There are some immediate physiological effects of ethanol:
o Vasodilation (causes blushing of the skin)
o CNS depression (from loss of inhibition to coma)
o Inhibition of antidiuretic hormones (ADH) action (increased urination).
Some research suggests inhibition of ADH secretion, other suggest alcohol
causes renal insensitivity to it.

95% of ethanol is removed by hepatic metabolism. The other 5% is excreted in
sweat, breath and urine. The first reaction occurs in the cytosol, the second
reaction mainly occurs in the mitochondria. Both generate NADH, which is fuel
for the electron transport chain.




Alcohol dehydrogenase also catalyses the oxidation of antifreeze (ethylene
glycol) to form very toxic products, including glycolaldehyde and oxalate. As it is
the products formed that causes the damage (not ethylene glycol itself),
treatment is aimed at preventing their formation. Patients who have ingested
ethylene glycol are given something that competes with alcohol dehydrogenase,
to prevent the formation of damaging metabolites from ethylene glycol. By
administering ethanol, it competes with ethylene glycol for the active site on
alcohol dehydrogenase. This gives the body more of a chance to eliminate
ethylene glycol before it can be metabolised into the toxic products.

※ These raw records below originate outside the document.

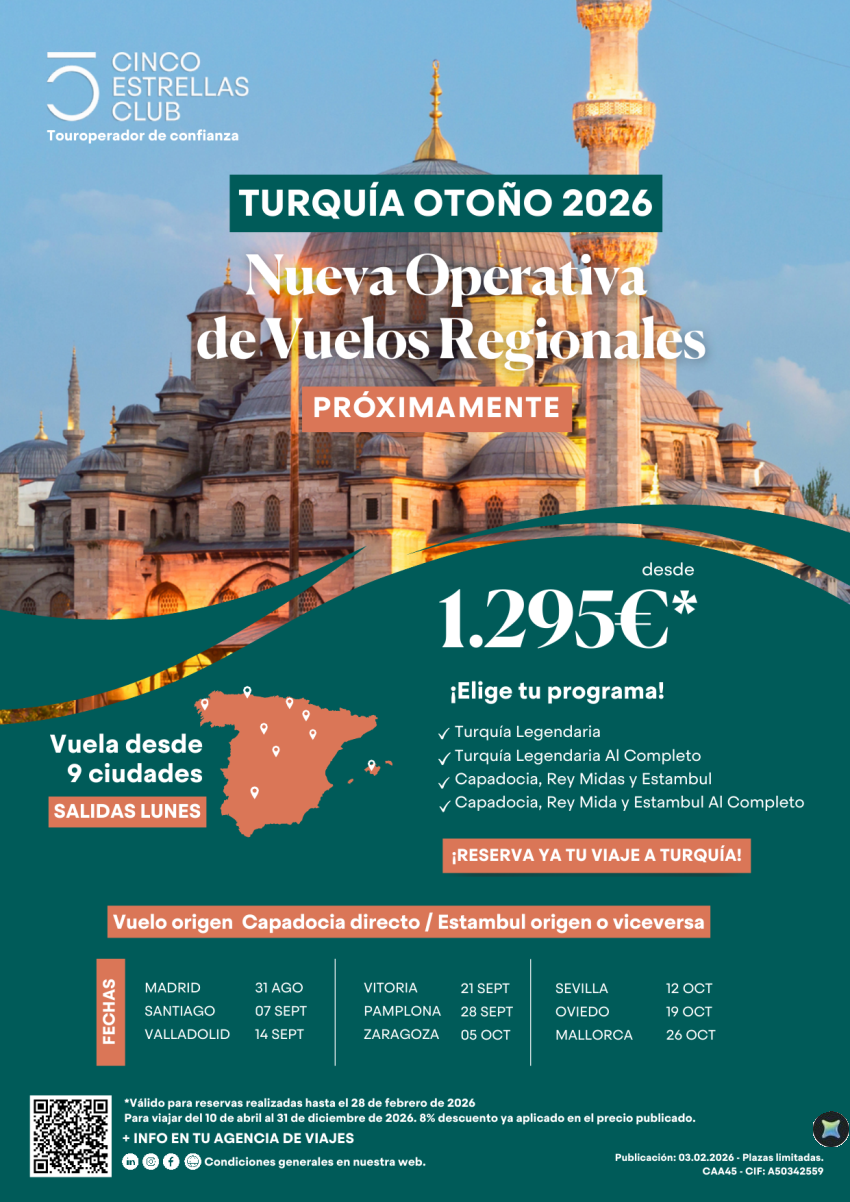 Próximamente Vuelos Regionales Turquía Otoño'26 dsd 1.295€ sal. dsd Scq,Ovd,Pna,Vit,Zaz,Vll, Mad,Svq, Pmi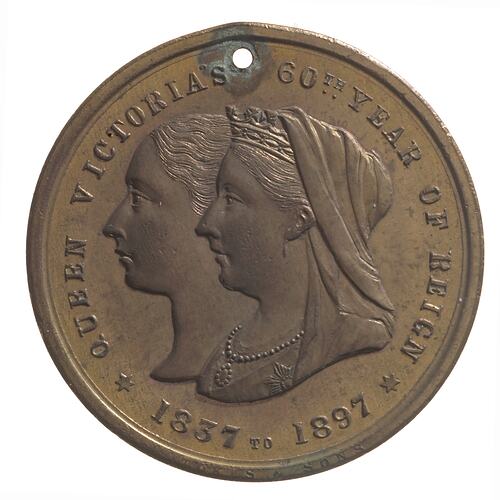 Jugate busts, young & old Queen Victoria; around, QUEEN VICTORIA'S 60TH YEAR OF REIGN * 1837 TO 1897 *; makers name, STOKES & SONS, in tiny letters on rim below dates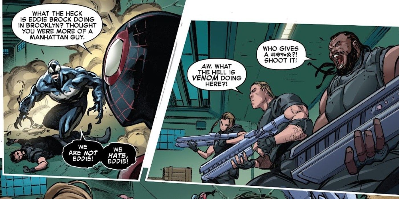 Desafortunadamente, este equipo se va al sur tan pronto como Venom se vuelve demasiado violento con sus matones. Se produce una pelea, pero Miles puede mostrar exactamente qué lo convierte en un mejor candidato para luchar contra Venom en el futuro.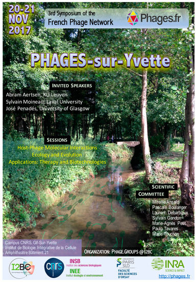The third meeting of the French Phage Network (Phages-sur-Yvette) was supported by I2BC, CNRS (INEE and INSB institutes), INRA, University Paris-Sud, and Orsay Faculty of Sciences. We thank all the authors that contributed to this meeting.

, The cytochrome P450 are a group of >50 enzymes, all with a haem prosthetic
group. The name P450, comes from the characteristic absorption of 450nm. This
is important in alcohol metabolism when alcohol accounts for 15% of calorie
intake. Its also important for detoxification of xenobiotics (compounds foreign to
the body). This is less efficient at extracting energy from ethanol than the
alcohol dehydrogenase pathway which causes formation of reactive oxygen
species. This explains alcohol tolerance, as, unlike alcohol dehydrogenase, it is
inducible. P450 enzymes are not just there so we can drink alcohol and take
medicines. They are important in a wide range of reactions, such as the
hydroxylation of cholesterol (a step toward steroid hormone synthesis) and in the
breakdown of haemoglobin.
Unlike the constitutively expressed alcohol dehydrogenase enzyme, the P450
enzymes are inducible, more can be expressed with increased ethanol intake.
The typical reduction of molecular oxygen, to form water, and lead to the release
of superoxide, a partially reduced intermediate of the reaction. Superoxide (O 2-)
is a reactive species, capable of damaging cellular molecules, including DNA.




The blood vessels that take absorbed molecules away from the GIT link to the
liver via the hepatic portal vein. The blood from the GIT is taken to the liver
before transport to the rest of the body. This gives the liver the opportunity to
remove/metabolise absorbed molecules before they are transported to other
tissues. So, what happens in the liver?
 The liver received blood from the hepatic portal vein and the hepatic
artery
 These branch out and terminate at the corners of lobules
 Blood from these bathe hepatocytes on their journey to the central vein
 During this contact time, hepatocytes are able to perform their metabolic
functions, including the oxidation of alcohol, before the processed blood
moves into general circulation, via the central veins to the hepatic vein.